A madman returns upon clouds of anguish to the now global marketplace and is heard unceasingly proclaiming that nationalism is dead. “How were we able to drink up the sea? Who gave us the sponge to wipe away the whole horizon? What did we do when we loosened this earth from its sun? Whither does it now move? Whither do we move? Away from all suns? Do we not dash unceasingly? Backwards, sideways, forwards, in all directions? Is there still an above and below?” (7) Telling laughter erupts amidst the bewildered herd and their new atheists, ever secure in dogmatic worship of cultural traditions and hallowed presuppositions grounded through blind faith in juridical belonging to nationalist mythology.
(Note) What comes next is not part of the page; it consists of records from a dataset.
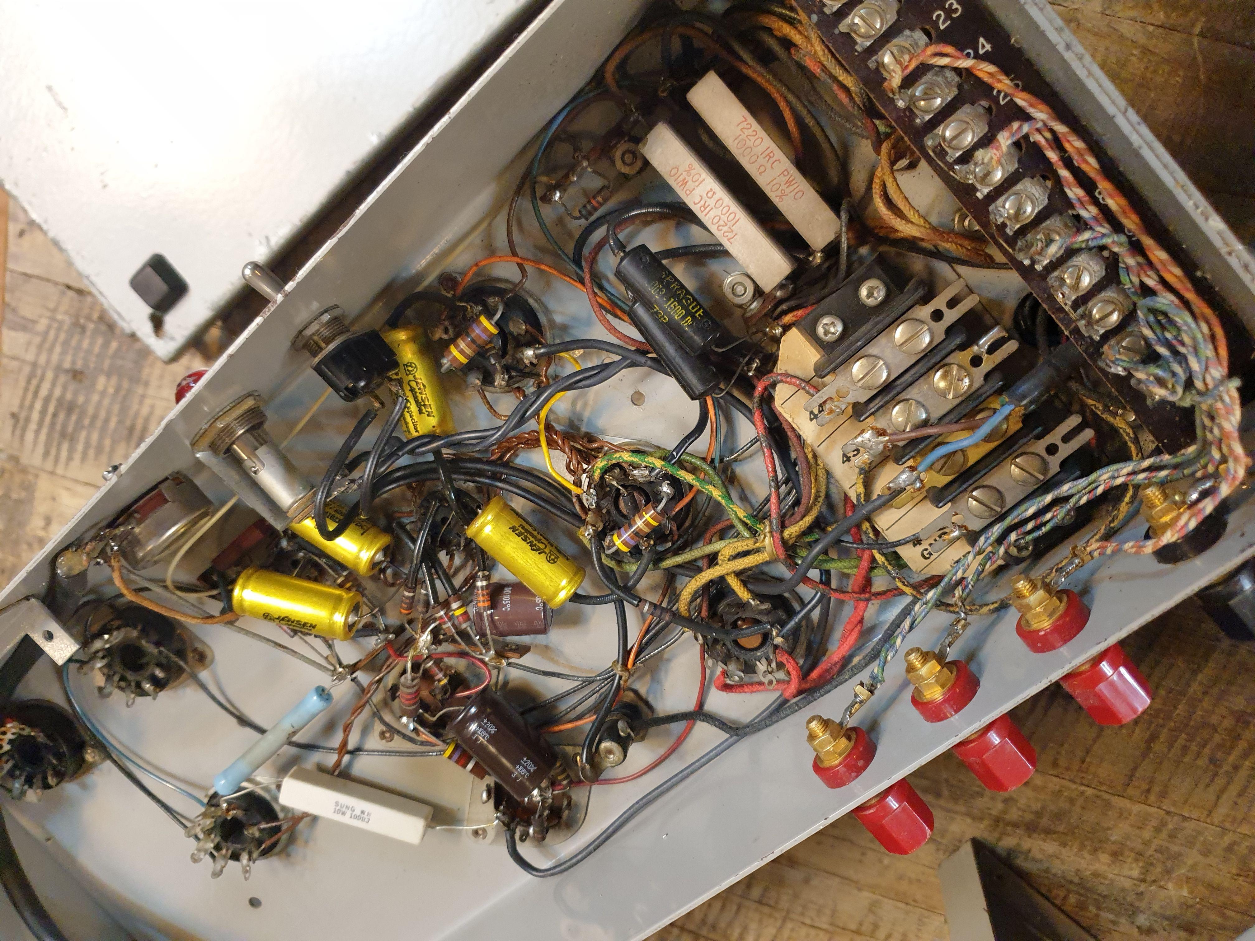 들어왔으며 더스트커버가 없고 좌우측 출력관 이 상이차이가 납니다. 원하시면 작은 6L6관으로 맞춰어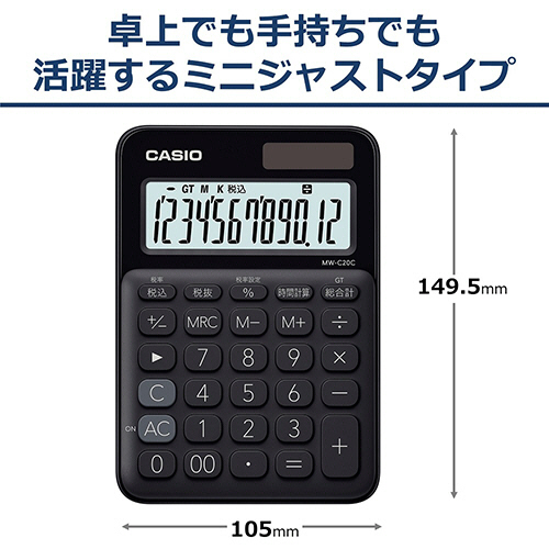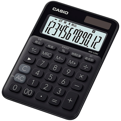 カラフル電卓 ミニジャストタイプ 12桁 ブラック 1台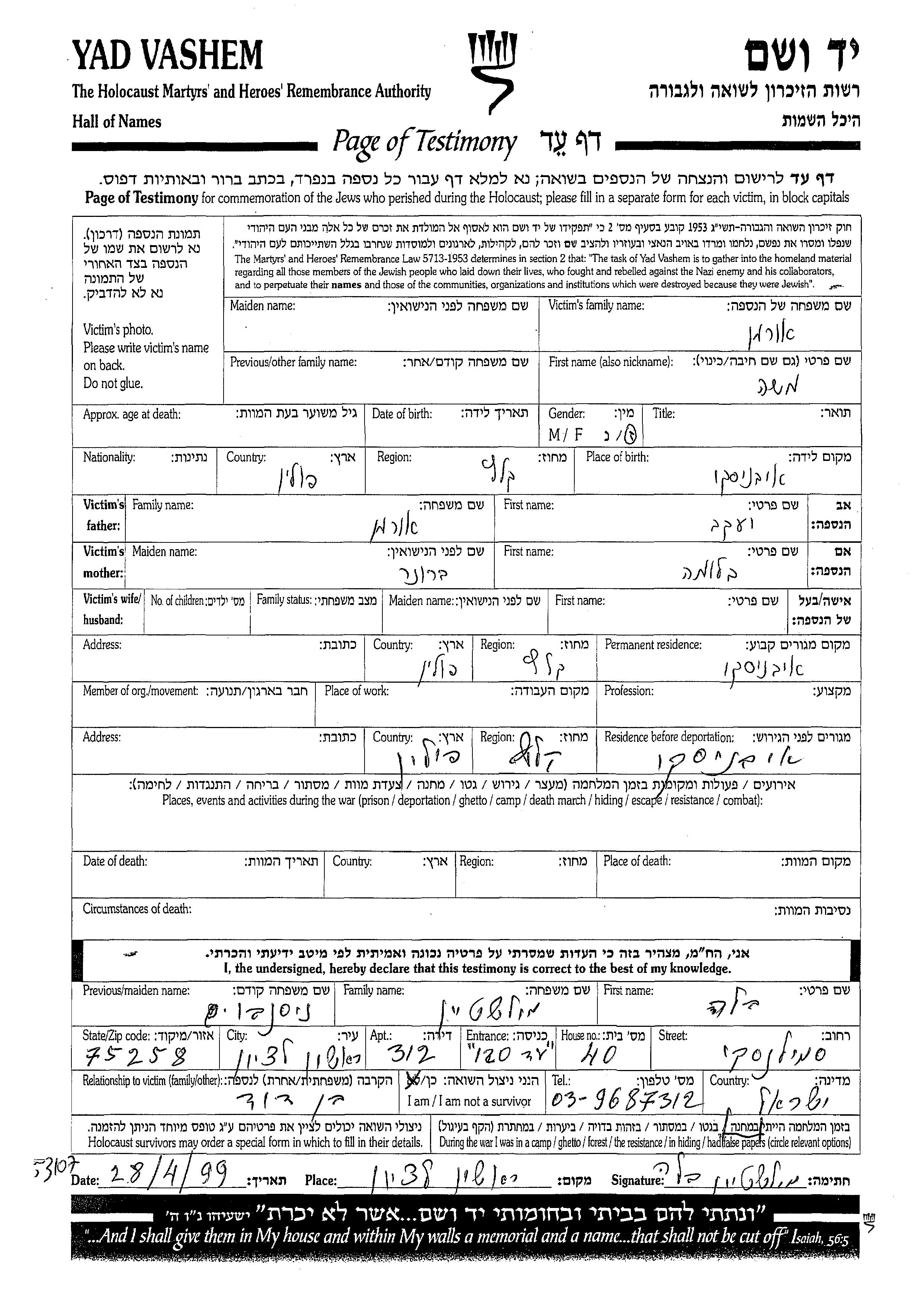 Яд Вашем - Листы свидетельских показаний Мемориального фонда
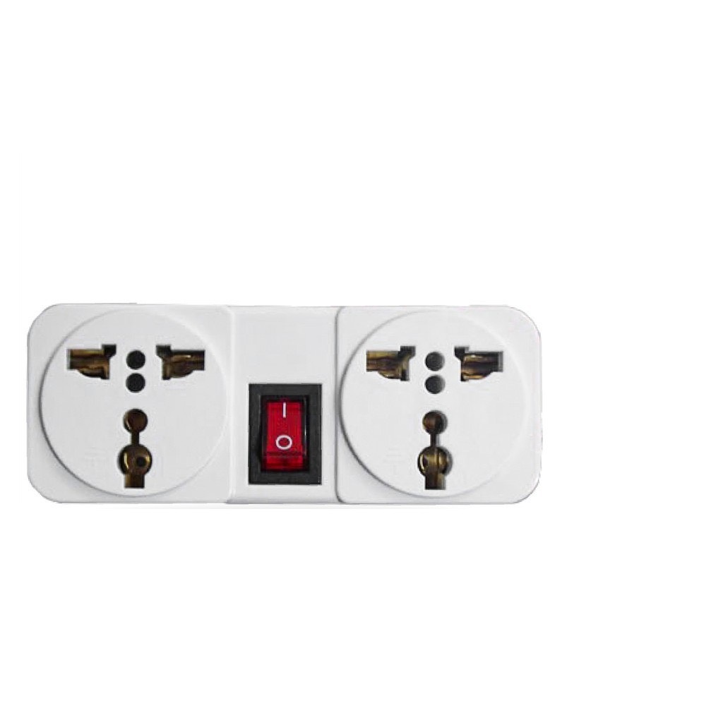 Ổ Cắm Chia 2 Ổ Kèm Công Tắc, Chuyển Từ 1 Ổ Sang 2 Ổ 3 Chấu, Công Suất 2000W, ABS chống cháyPhích cắm (Ổ cắm) chia ổ MADE IN THAILAND chia 2 ổ,2000W, ABS chống cháy.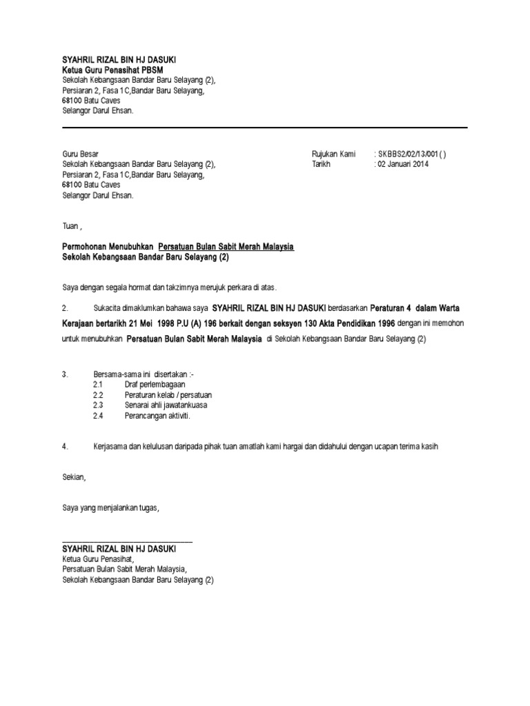 Contoh Surat Permohonan Penubuhan Kelab Dan Persatuan Bahasa Melayu Pdf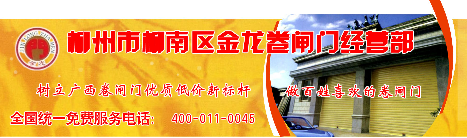 柳州市金龙卷闸门经营部地处广西工业重镇柳州市,坐落于柳南区航军路中段,交通、物流非常便利。我部是生产和销售彩钢和不锈钢澳式卷闸门;铝合金和彩钢欧式卷闸门及卷闸门零配件的专业商家。凭借十多年的制造经验,雄厚的技术力量和完善的售后服务,赢得了客户较高的赞誉。在区内外同行中处于领先地位。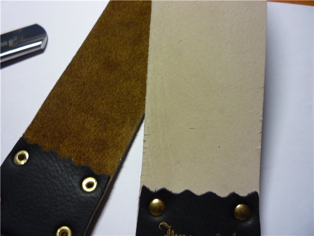И еще простите за глупый вопрос, у ремня две стороны, я правильно понял, сначало нужно править грубой, а потом мягкой? Re: Помогите новичкуБритву на заточку мастеру.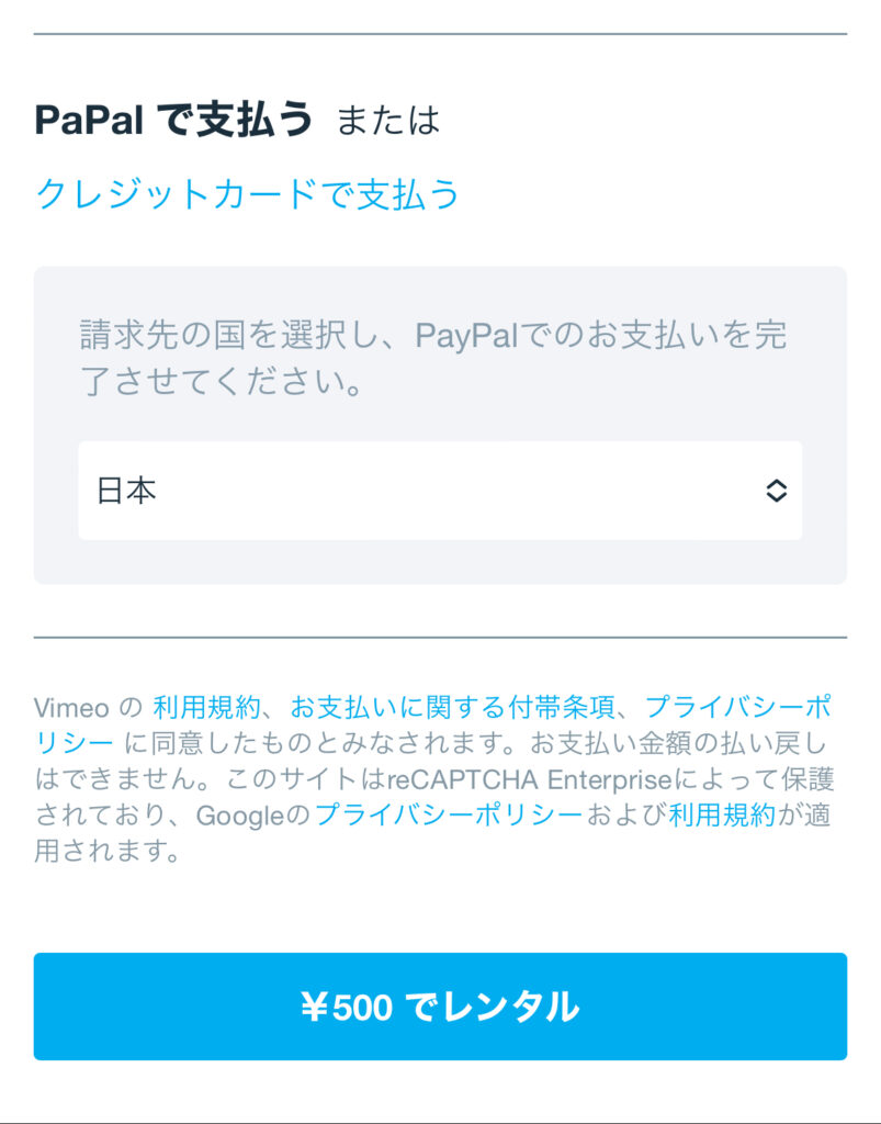 すると「請求先の国」の選択になりますので「日本」を選び、「レンタル」を押します。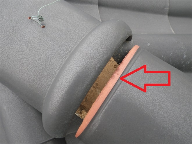 本来であれば、矢印部分の溝に上の瓦が納まる造りになっているのですが、3~4センチも下にズレてしまっています。左に見える針金状のものは、サビて緑青が出ている銅線です。通常ですと、瓦の中には芯木(しんぎ)という木が通っていてそこから銅線を伸ばして棟瓦を固定しますが、こちらは芯木が通っていない様です。
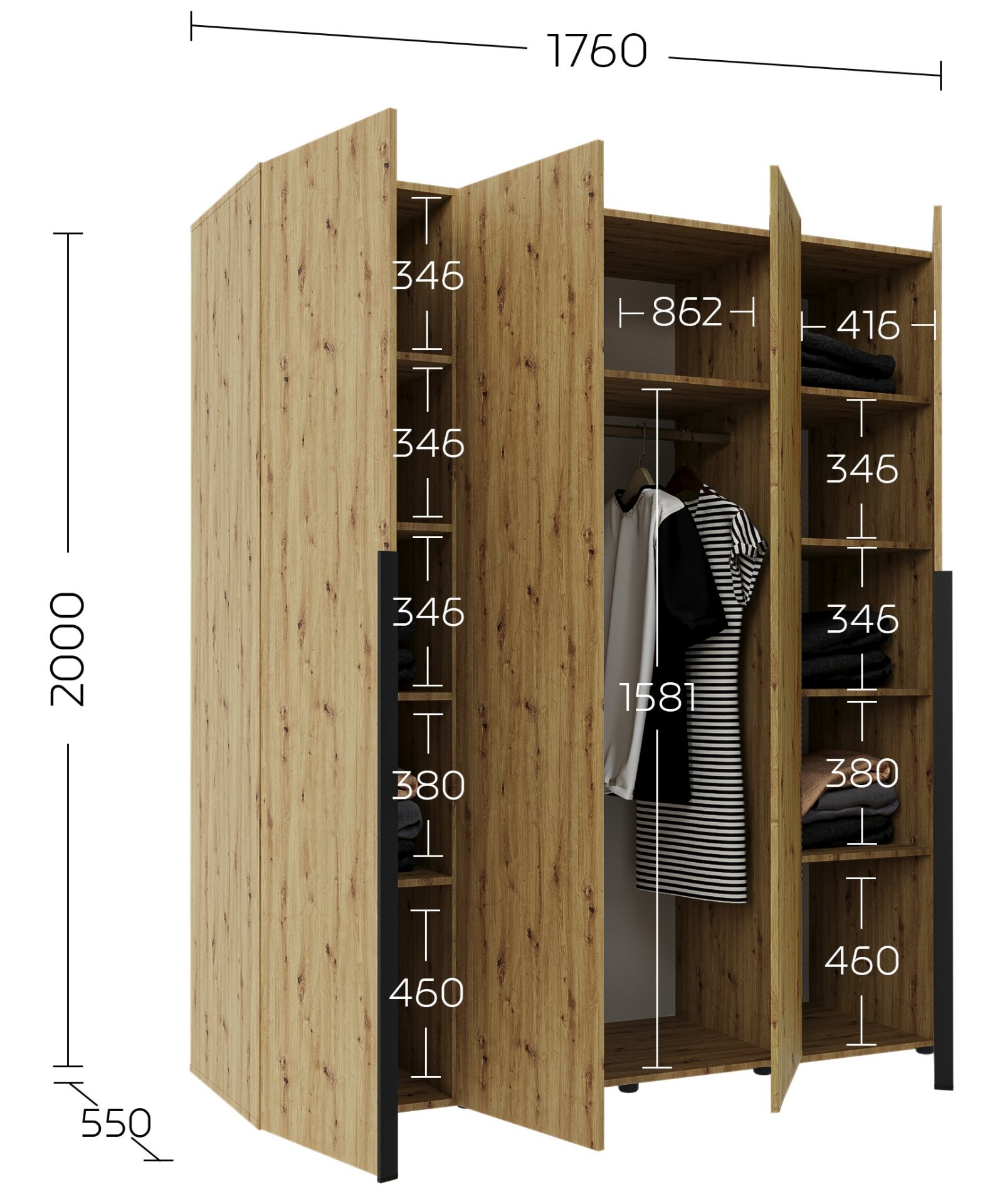 Ormar je idealan izbor i za manje prostore, gdje je važna svaka površina, i za veće sobe, gdje nadopunjuje cjelokupni izgled interijera. Zbog svoje visine od 200 cm iskorištava vertikalni prostor, a istovremeno zadržava kompaktan tlocrt koji ne opterećuje prostor. To je posebno važno u suvremenim stanovima, gdje je funkcionalnost od ključne važnosti.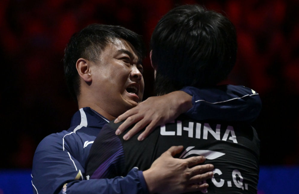 夺冠后,王楚钦躺倒在地,起身后拥抱了教练,并指了指背后球衣上的“CHINA(中国)”。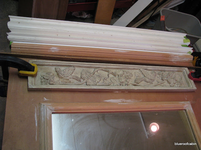 To hold the mirror in place I purchased molding that has a notch in it.    I laid the mirror on the plywood and started playing around with different trim. Two hours later I was still playing with it.  I finally had to tell myself just start cutting women or you will never get done!  It went pretty quick after that.  I used glue and my handy dandy nail gun to attach the trim being extra careful with the trim around the mirror.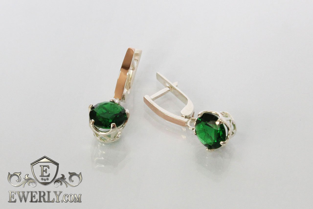 Серёжки из серебра 925 пробы для девушки с золотыми вставками 375 пробы и зелёными камнями - фианитами.

And yet, such well-trodden roads of modernity lead towards an impasse of coloniality, hence positing historical progress as spiritual subservience to instrumentalist reason rooted in western imperialist power. Nationalism is dead. However, “this prodigious event is still on its way, and is travelling – it has not yet reached men’s ears.” (8)

Dawn has yet to break, as heavy debate in Semitic language amongst the spiritual descendants of Moorish corsairs cedes discursive primacy to the active silence required for an approaching raid in unmediated confrontation against the Leviathan of global capital, embodied in massive vessels of Empire careening through the sea off the Afroasiatic coastline. Intensely interrogating nationalist illusions, and armed with human agency, plenty of ammunition, two AK-47’s, and an RPG; postmodern lumpenproletariat breach a geonational horizon of emancipatory praxis through inadequate piracy against western imperialist power, thus constituting an opening, a small glimpse forward, twilight beckoning towards unforeseen geonational constellations of insurrection. “Remove justice, and what are kingdoms but gangs of criminals on a large scale? What are criminal gangs but petty kingdoms? A gang is a group of men under the command of a leader, bound by a compact of association, in which the plunder is divided according to an agreed convention. If this villainy wins so many recruits from the ranks of the demoralized that it acquires territory, establishes a base, captures cities and subdues peoples, it then openly arrogates to itself the title of kingdom, which is conferred on it in the eyes of the world, not by the renouncing of aggression but by the attainment of impunity. For it was a witty and a truthful rejoinder which was given by a captured pirate to Alexander the Great. The king asked the fellow, ‘What is your idea, in infesting the sea?’ And the pirate answered, with uninhibited insolence, ‘The same as yours, in infesting the earth! But because I do it with a tiny craft, I’m called a pirate: because you have a mighty navy, you’re called emperor.’” (9)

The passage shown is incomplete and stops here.